(TASK INSTRUCTIONS)
Could you output the entries that follow exactly, omitting any pictures they contain?

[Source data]
Segment Open
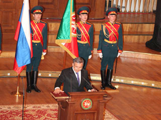 Церемония инаугурации нового президента Татарстана Рустама Минниханова прошла в Казани в четверг в Большом концертном зале имени Салиха Сайдашева. Президент Медведев 27 января внес на рассмотрение парламента республики кандидатуру премьер-министра республики Минниханова, и 4 февраля депутаты единогласно наделили его полномочиями президента республики.
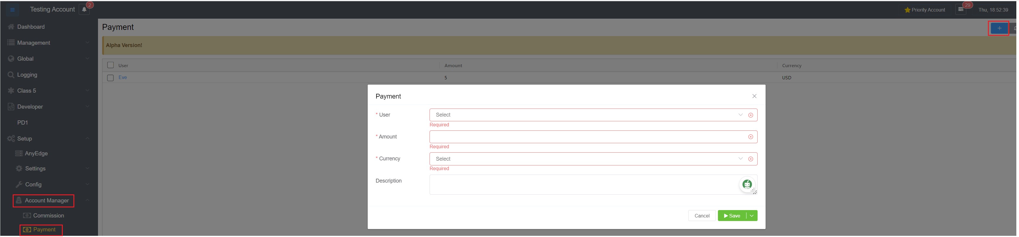 The Payment feature lets you record the information of the payment you've made to your Account Manager.
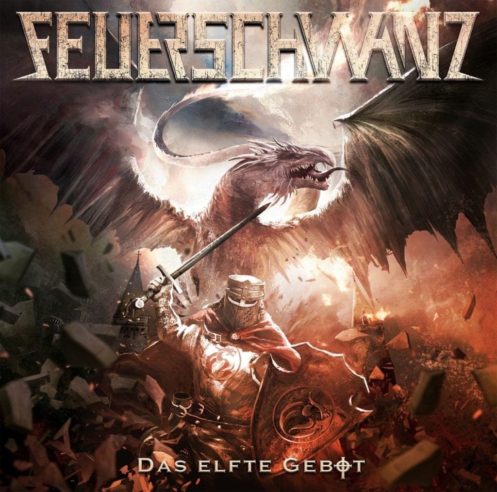 Mit orientalischen Klängen geht es los. „Meister der Minne“ hat sich schon während dem ersten Hördurchgang in mein Herz gespielt. Ein echt rockiger Ohrwurm mit exotischen Elementen, Screams und einem fetten Gitarrensolo. Alles, was ein moderner Minnesänger heutzutage so braucht, um sich in das Herz seiner Angebeteten zu spielen. „Metfest“ wurde ja schon als Single ausgekoppelt und ist der Song auf dem Album, der einen mit seinem Mitgöhl-Refrain direkt abholt und in Feierlaune versetzt. Auch ausgekoppelt wurde „Das Elfte Gebot“ – lebt jeden Tag so, als wäre es Euer Letzter und vergesst dabei nicht zu lieben, als gäbe es kein Morgen mehr. Hymne und Lebenstipp zugleich. „Kampfzwerg“ klingt im ersten Moment, als hätte man einige Feuerschwanz-Songs genommen, zusammengeschmissen und ordentlich durchgemischt. Heraus gekommen ist ein Trinklied über „Kampfzwerge“ – echte Männer also. Ok, sorry: Echte Männer – und Frauen – mit Bärten. In „Im Bauch des Wals“ geht es wieder nachdenklicher zu und der Song zeigt, wieso Feuerschwanz keine reine Comedy-Band mehr sind oder wieso man sie zumindest nicht mehr nur als solche bezeichnen sollte. Es geht um die Schäden, die der Mensch der Umwelt zugefügt hat, verpackt in ein Folk-Metal-Gewand, das für einige musikalische Überraschungen sorgt. Aber nach einem ernsteren Song, muss wieder ein Partysong folgen, damit das Gemüt nicht allzu sehr abkühlt. „Mission Eskalation“ lässt uns eskalieren und ich meine im Refrain den typischen „Kissin‘ Dynamite“-Style herauszuhören. Mit irischen Klängen wird uns die „Schildmaid“ vorgestellt mit singbarem Refrain und harten Gitarrenriffs. Eindrucksvoll ist auch der nächste Song „Malleus Maleficarum“ über den „Hexenhammer“, ein Werk zur Legitimation der Hexenverfolgung, das der Theologe und Dominikaner Heinrich Kramer im Jahre 1486 in Speyer veröffentlichte. Feuerschwanz verarbeiten das Werk in einem gewaltigen Powermetalbrett mit einem Killer-Gitarrensolo und gewaltigen Chören. Und wo wir gerade bei Powermetal waren: „Lords Of Powermet“ passt genau in diese Schublade und es scheint, als wäre der Song eine Steigerung der Krieger des Mets. Als würde er aus der Feder von Luca Turilli höchstpersönlich stammen. Eine bombastische Hymne mit fetten Screams von Hodi und erneut krassen Gitarrensoli von Hans, die einem die Kinnlade auf die Tischplatte knallen lassen. Eigentlich bräuchte ich jetzt eine Verschnaufpause, aber die ist mir nicht gegönnt, denn „Totentanz“ und „Unter dem Drachenbanner“ hauen in die gleiche Kerbe und lassen das Album mit viel Schwung enden.
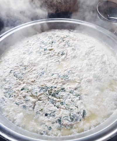 - 放入焯水后的青菜叶(切细),继续煮3分钟,关火后滤水,制成嫩豆腐。
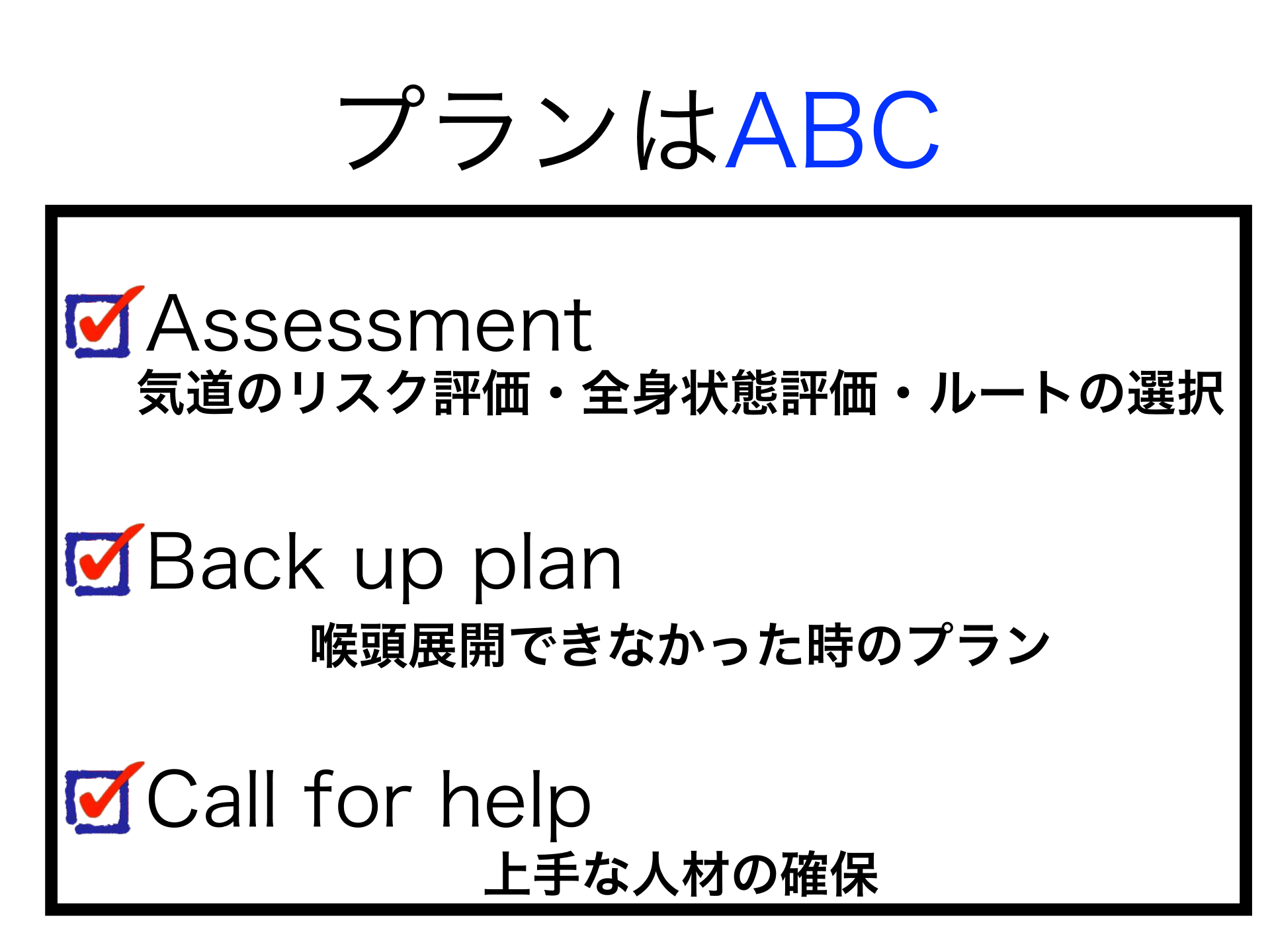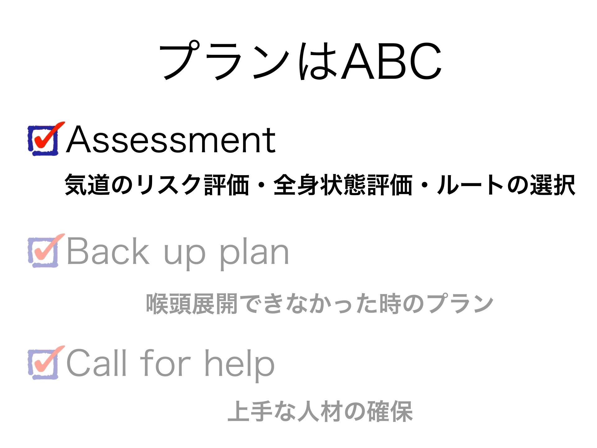 #66. プランはABC Assessment 気道のリスク評価・全身状態評価・ルートの選択 Back up plan 喉頭展開できなかった時のプラン Call for help 上手な人材の確保
Segment Closed
(YOUR SOLUTION)
 Церемония инаугурации нового президента Татарстана Рустама Минниханова прошла в Казани в четверг в Большом концертном зале имени Салиха Сайдашева. Президент Медведев 27 января внес на рассмотрение парламента республики кандидатуру премьер-министра республики Минниханова, и 4 февраля депутаты единогласно наделили его полномочиями президента республики.
 The Payment feature lets you record the information of the payment you've made to your Account Manager.
 Mit orientalischen Klängen geht es los. „Meister der Minne“ hat sich schon während dem ersten Hördurchgang in mein Herz gespielt. Ein echt rockiger Ohrwurm mit exotischen Elementen, Screams und einem fetten Gitarrensolo. Alles, was ein moderner Minnesänger heutzutage so braucht, um sich in das Herz seiner Angebeteten zu spielen. „Metfest“ wurde ja schon als Single ausgekoppelt und ist der Song auf dem Album, der einen mit seinem Mitgöhl-Refrain direkt abholt und in Feierlaune versetzt. Auch ausgekoppelt wurde „Das Elfte Gebot“ – lebt jeden Tag so, als wäre es Euer Letzter und vergesst dabei nicht zu lieben, als gäbe es kein Morgen mehr. Hymne und Lebenstipp zugleich. „Kampfzwerg“ klingt im ersten Moment, als hätte man einige Feuerschwanz-Songs genommen, zusammengeschmissen und ordentlich durchgemischt. Heraus gekommen ist ein Trinklied über „Kampfzwerge“ – echte Männer also. Ok, sorry: Echte Männer – und Frauen – mit Bärten. In „Im Bauch des Wals“ geht es wieder nachdenklicher zu und der Song zeigt, wieso Feuerschwanz keine reine Comedy-Band mehr sind oder wieso man sie zumindest nicht mehr nur als solche bezeichnen sollte. Es geht um die Schäden, die der Mensch der Umwelt zugefügt hat, verpackt in ein Folk-Metal-Gewand, das für einige musikalische Überraschungen sorgt. Aber nach einem ernsteren Song, muss wieder ein Partysong folgen, damit das Gemüt nicht allzu sehr abkühlt. „Mission Eskalation“ lässt uns eskalieren und ich meine im Refrain den typischen „Kissin‘ Dynamite“-Style herauszuhören. Mit irischen Klängen wird uns die „Schildmaid“ vorgestellt mit singbarem Refrain und harten Gitarrenriffs. Eindrucksvoll ist auch der nächste Song „Malleus Maleficarum“ über den „Hexenhammer“, ein Werk zur Legitimation der Hexenverfolgung, das der Theologe und Dominikaner Heinrich Kramer im Jahre 1486 in Speyer veröffentlichte. Feuerschwanz verarbeiten das Werk in einem gewaltigen Powermetalbrett mit einem Killer-Gitarrensolo und gewaltigen Chören. Und wo wir gerade bei Powermetal waren: „Lords Of Powermet“ passt genau in diese Schublade und es scheint, als wäre der Song eine Steigerung der Krieger des Mets. Als würde er aus der Feder von Luca Turilli höchstpersönlich stammen. Eine bombastische Hymne mit fetten Screams von Hodi und erneut krassen Gitarrensoli von Hans, die einem die Kinnlade auf die Tischplatte knallen lassen. Eigentlich bräuchte ich jetzt eine Verschnaufpause, aber die ist mir nicht gegönnt, denn „Totentanz“ und „Unter dem Drachenbanner“ hauen in die gleiche Kerbe und lassen das Album mit viel Schwung enden.
 - 放入焯水后的青菜叶(切细),继续煮3分钟,关火后滤水,制成嫩豆腐。
 #66. プランはABC Assessment 気道のリスク評価・全身状態評価・ルートの選択 Back up plan 喉頭展開できなかった時のプラン Call for help 上手な人材の確保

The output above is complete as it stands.